PROBLEM TO SOLVE
Please repeat every record exactly, leaving out any pictures.

### EXTRACTED RECORDS

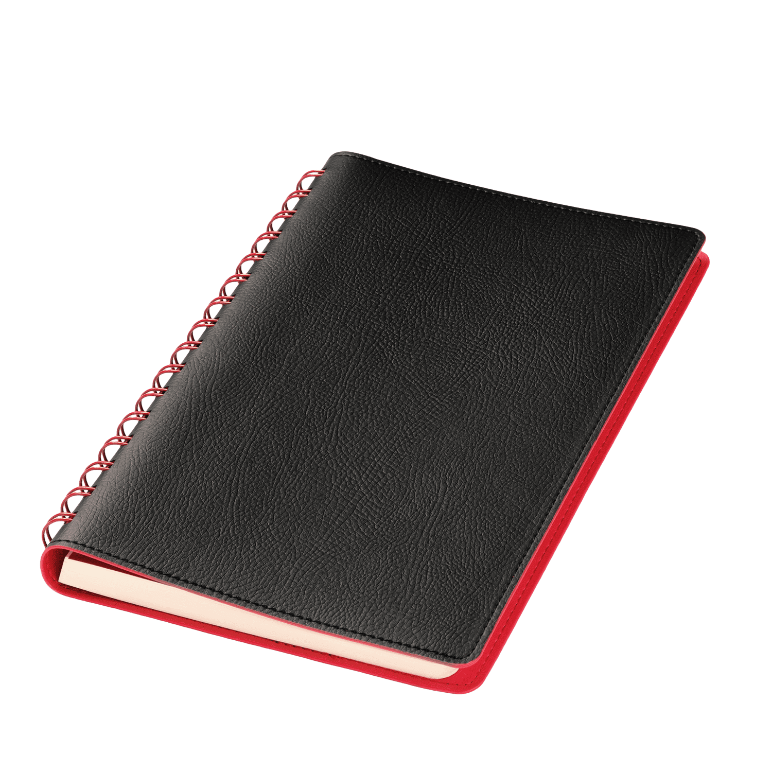 Цвет – черный, насыщенный, динамичный, однородный. Внутренний материал обложки – Latte – бархатистый, мелкозернистый, ярко-красного цвета.
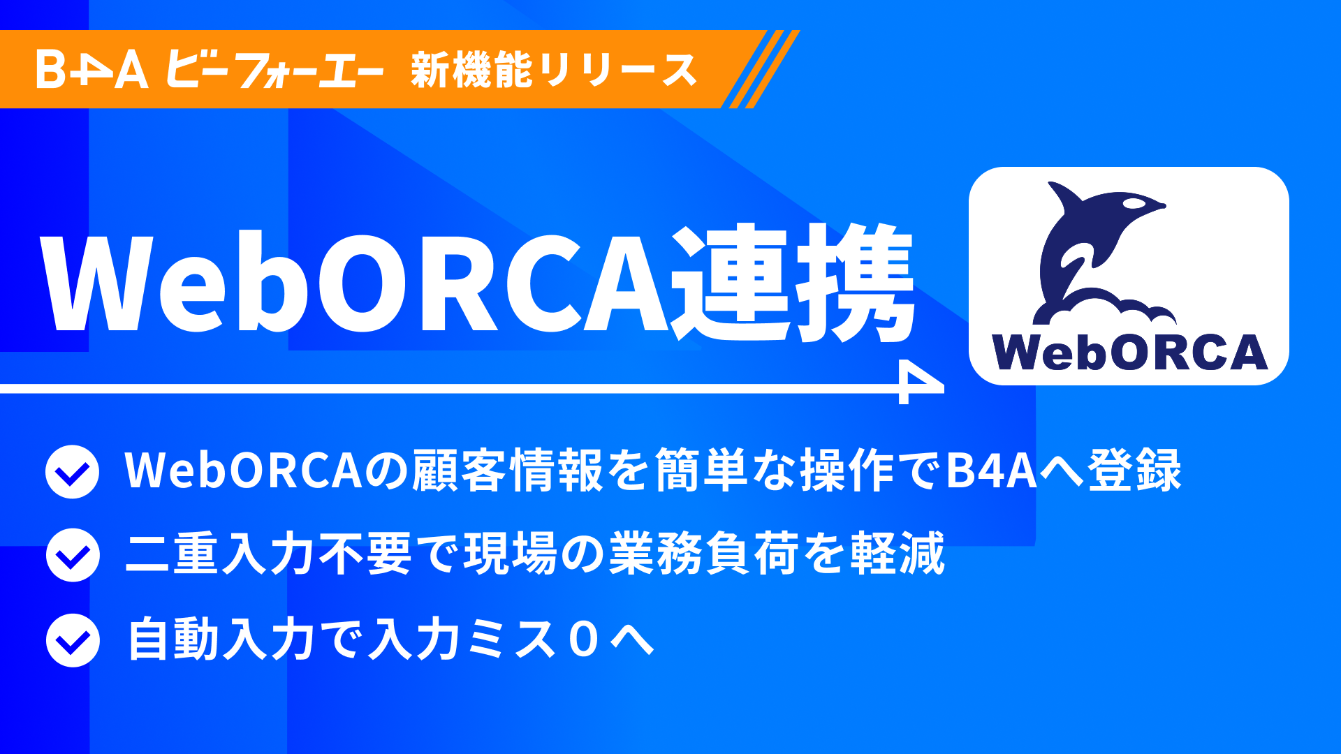株式会社B4A(代表取締役CEO:植松 正太郎)が開発・提供する、自由診療クリニック特化型のDXツール『B4A(ビーフォーエー)』は、日本医師会ORCA管理機構が提供するクラウド型日医標準レセプトソフト「WebORCA」との連携機能をリリースしました。
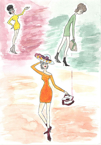Моя героиня сегодня предстала в трех состояниях – уверенная, романтичная и совсем уставшая. С помощью серых и зеленых оттенков удалось показать грусть, а оранжевый и желтый помогли сформировать радость.
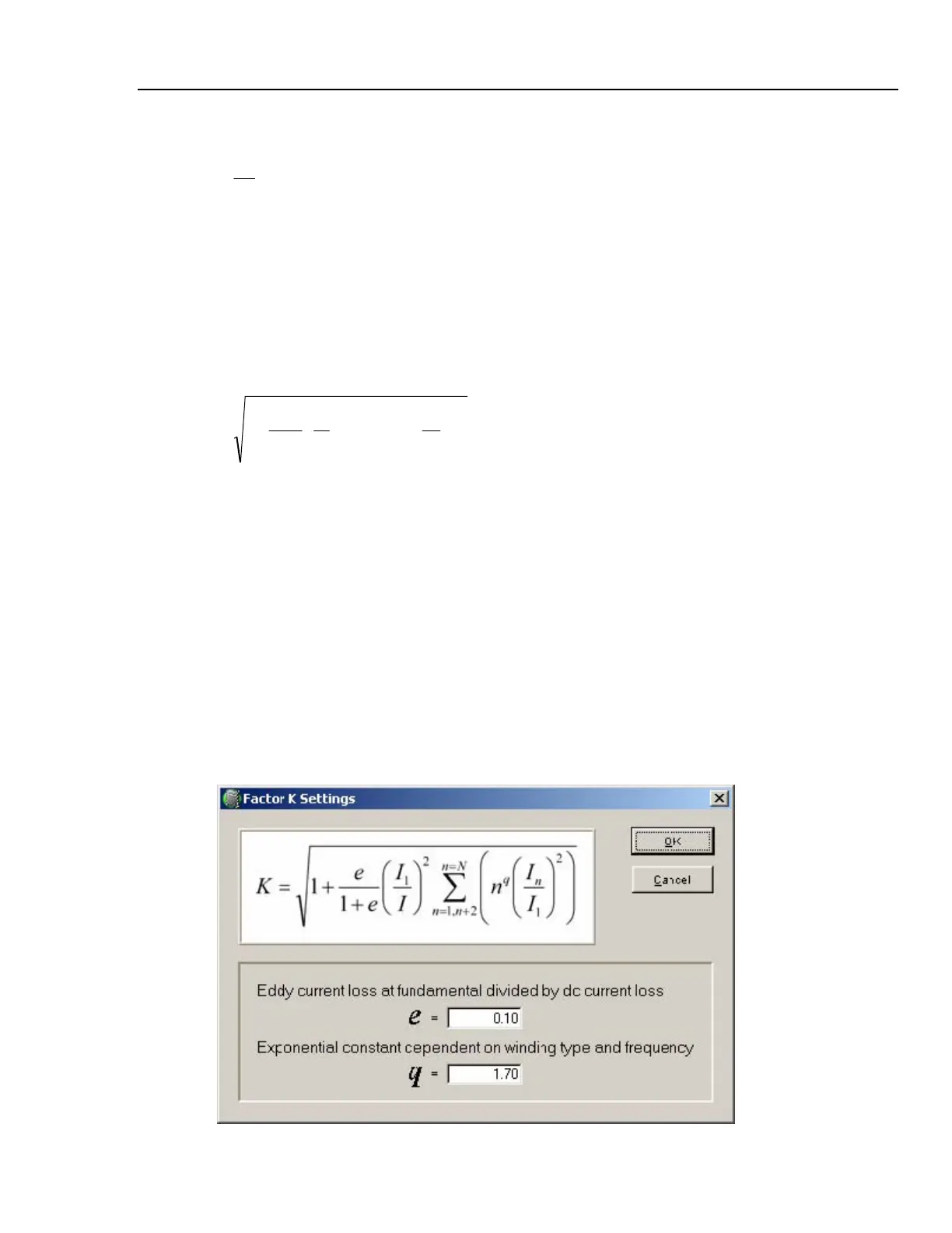 windings and 1.5 for those with foil low voltage windings (to be entered by the user – see
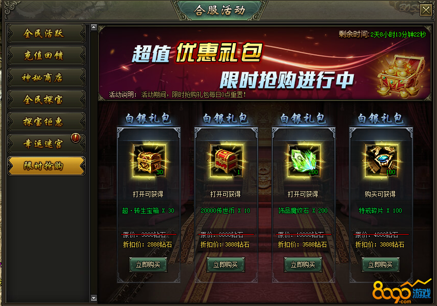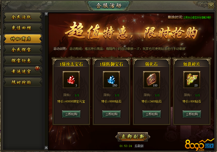 活动说明:活动期间,推出特价商品,每隔两小时自动刷新一次,玩家可使用钻石进行手动刷新
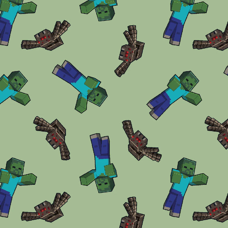 送料無料/ 10cm単位 続けてカット マインクラフト ゾンビ 生地 総柄 コットン プリント キャラクター 布 手作り
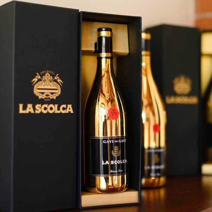 Престиж, най-високо качество, органично производство, подбрано грозде от 60 годишни лозя, семейна традиция, световна слава – всичко това е събрано в една бутилка от Ла Сколка „Черен Етикет“. Златната, юбилейна бутилка е създадена в чест на 100 години от създаването на избата и на целия район на Гави.
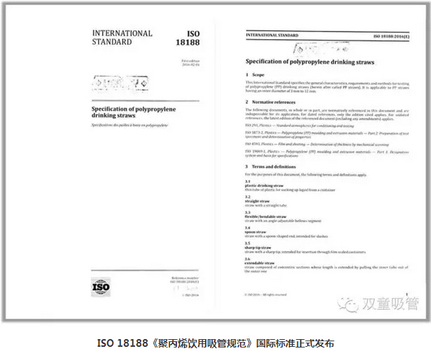 2016年6月27日,瑞士ISO標準化管理組織正式向全球162個(gè)成員國下發(fā)了《聚丙烯飲用吸管規范》ISO國際標準文本。這也是金華市首件、浙江省第28件ISO國際標準向全球各成員國正式發(fā)布。

######

EXERCISE RESULT
 Цвет – черный, насыщенный, динамичный, однородный. Внутренний материал обложки – Latte – бархатистый, мелкозернистый, ярко-красного цвета.
株式会社B4A(代表取締役CEO:植松 正太郎)が開発・提供する、自由診療クリニック特化型のDXツール『B4A(ビーフォーエー)』は、日本医師会ORCA管理機構が提供するクラウド型日医標準レセプトソフト「WebORCA」との連携機能をリリースしました。
Моя героиня сегодня предстала в трех состояниях – уверенная, романтичная и совсем уставшая. С помощью серых и зеленых оттенков удалось показать грусть, а оранжевый и желтый помогли сформировать радость.
 windings and 1.5 for those with foil low voltage windings (to be entered by the user – see
 活动说明:活动期间,推出特价商品,每隔两小时自动刷新一次,玩家可使用钻石进行手动刷新
 送料無料/ 10cm単位 続けてカット マインクラフト ゾンビ 生地 総柄 コットン プリント キャラクター 布 手作り
 Престиж, най-високо качество, органично производство, подбрано грозде от 60 годишни лозя, семейна традиция, световна слава – всичко това е събрано в една бутилка от Ла Сколка „Черен Етикет“. Златната, юбилейна бутилка е създадена в чест на 100 години от създаването на избата и на целия район на Гави.
 2016年6月27日,瑞士ISO標準化管理組織正式向全球162個(gè)成員國下發(fā)了《聚丙烯飲用吸管規范》ISO國際標準文本。這也是金華市首件、浙江省第28件ISO國際標準向全球各成員國正式發(fā)布。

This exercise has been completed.